Saskatchewan Premier Scott Moe wrote on social media he’s pleased that Carney is visiting China and he hopes the prime minister can convince Beijing to drop its agricultural tariffs.
“If we are truly serious about securing, diversifying and expanding Canadian markets around the world, this is a country we should engage with in a serious way,” Moe wrote.
Ong said China is motivated to build stronger ties with Canada because its economy is suffering from a weak property market and high youth unemployment, despite a thriving tech sector. Both countries are trying to diversify their trade away from the U.S. market.
Still, Ong said her research has found China slaps restrictions on Canadian goods that have the lowest economic impacts on China, while encouraging countries to rely on Chinese goods that they would struggle to source elsewhere.
“We need to be very careful about China weaponizing dependency,” she said.
She also said Canada “should maximize our interests” by seeking economic gains while not abandoning its values. “It is in Canadian interests to defend democracies, to defend liberty and freedom,” she said.

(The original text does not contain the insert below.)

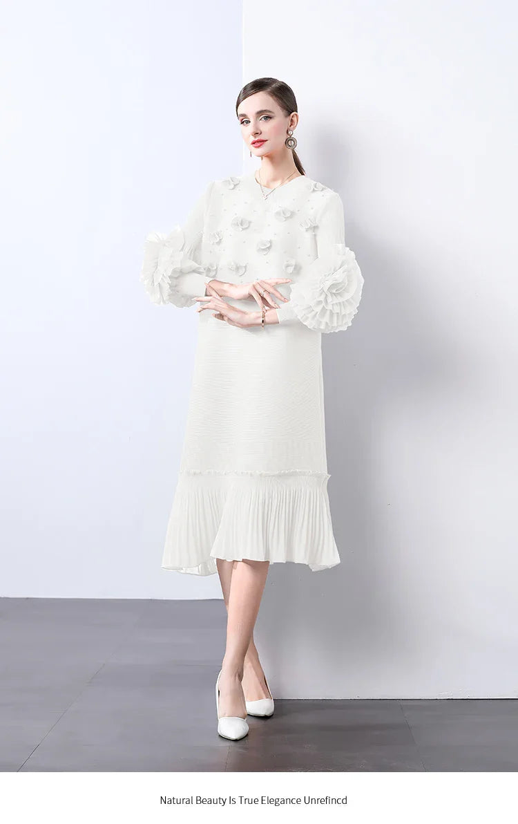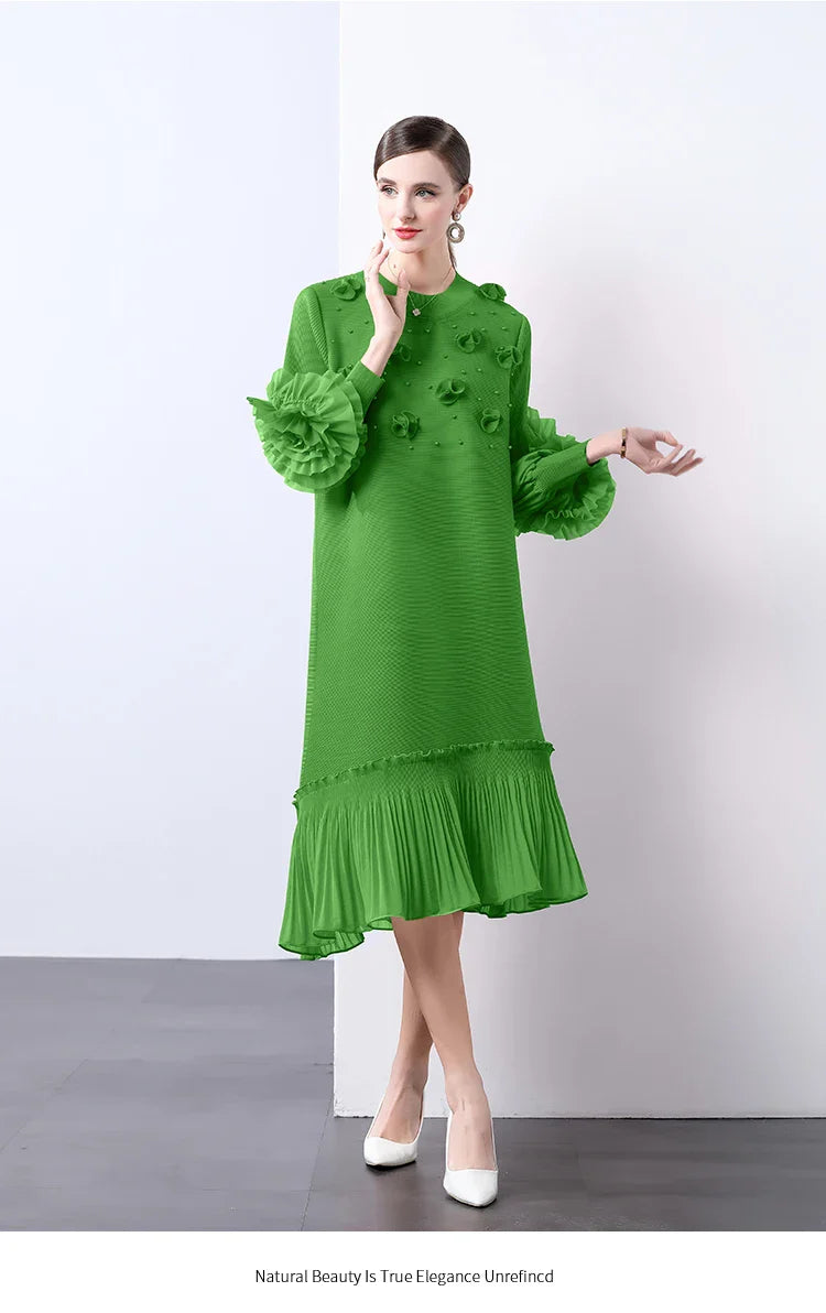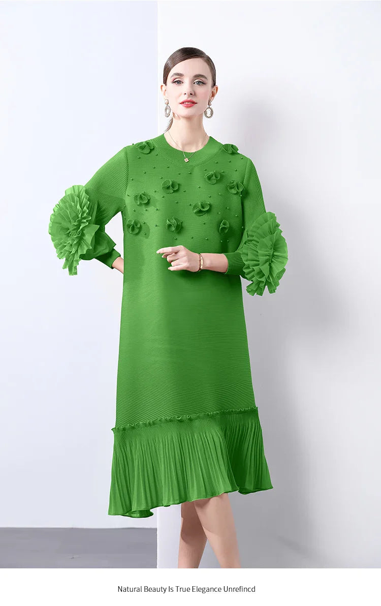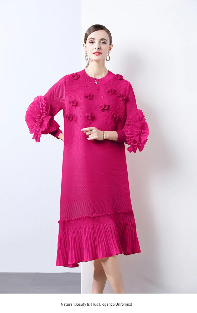 Struggling to find a cocktail dress that truly stands out? Tired of styles that compromise comfort for elegance? This pleated midi dress with statement sleeves delivers a refined, show-stopping look for upscale events.

Carney said in September that Ottawa should be “clearer about where we engage” with China — that Canada could collaborate “deeply” with Beijing on energy, climate change and basic manufacturing, while maintaining “guardrails” around national security matters.
Since taking office, Carney has said that Canada’s strategy is to work with China where there is common ground and respect differences while defending Canadian interests.
For years, Beijing has urged Canada to focus on shared priorities instead of flashpoints such as China’s repression in Hong Kong and allegations of human rights abuses targeting Uyghurs and other minorities.
Carney’s private meeting with Xi in October lasted about 40 minutes. While no movement on trade issues came out of it, Xi invited Carney to visit China in the new year.
Carney said he was “very pleased’ with that meeting and suggested it represented a “turning point” in Canada-China relations.
That’s a sharp turn from comments Carney made during the leaders’ debate in the spring federal election, when he described China as “the biggest security threat” facing Canada. Carney later attributed the threat to Chinese foreign interference activities in Canadian politics and China’s activity in the Arctic.
After the October meeting, Carney said he raised the issue of foreign interference with Xi and that Beijing does not understand how seriously Canada takes the issue.
Last January, a federal inquiry concluded that “China is the most active perpetrator of foreign interference targeting Canada’s democratic institutions” at all levels.
Beijing insists it does not interfere in other countries’ affairs and has called on Canada to do the same regarding matters it deems to be domestic, such as the status of Taiwan.
Ong said Beijing likely will continue to target Chinese-Canadians through political interference and transnational repression, regardless of how much trade takes place between the two countries, “because of the sheer size of Chinese diaspora in this country.”
“We have to think about separate measures to insulate ourselves from those harms,” she added.
While in China, Carney will also meet Chinese Premier Li Qiang and business leaders to discuss trade, energy, agriculture and international security.
Carney is likely to visit China again this year in November, when the Asia-Pacific Economic Co-operation forum hosts leaders in the tech hub of Shenzhen.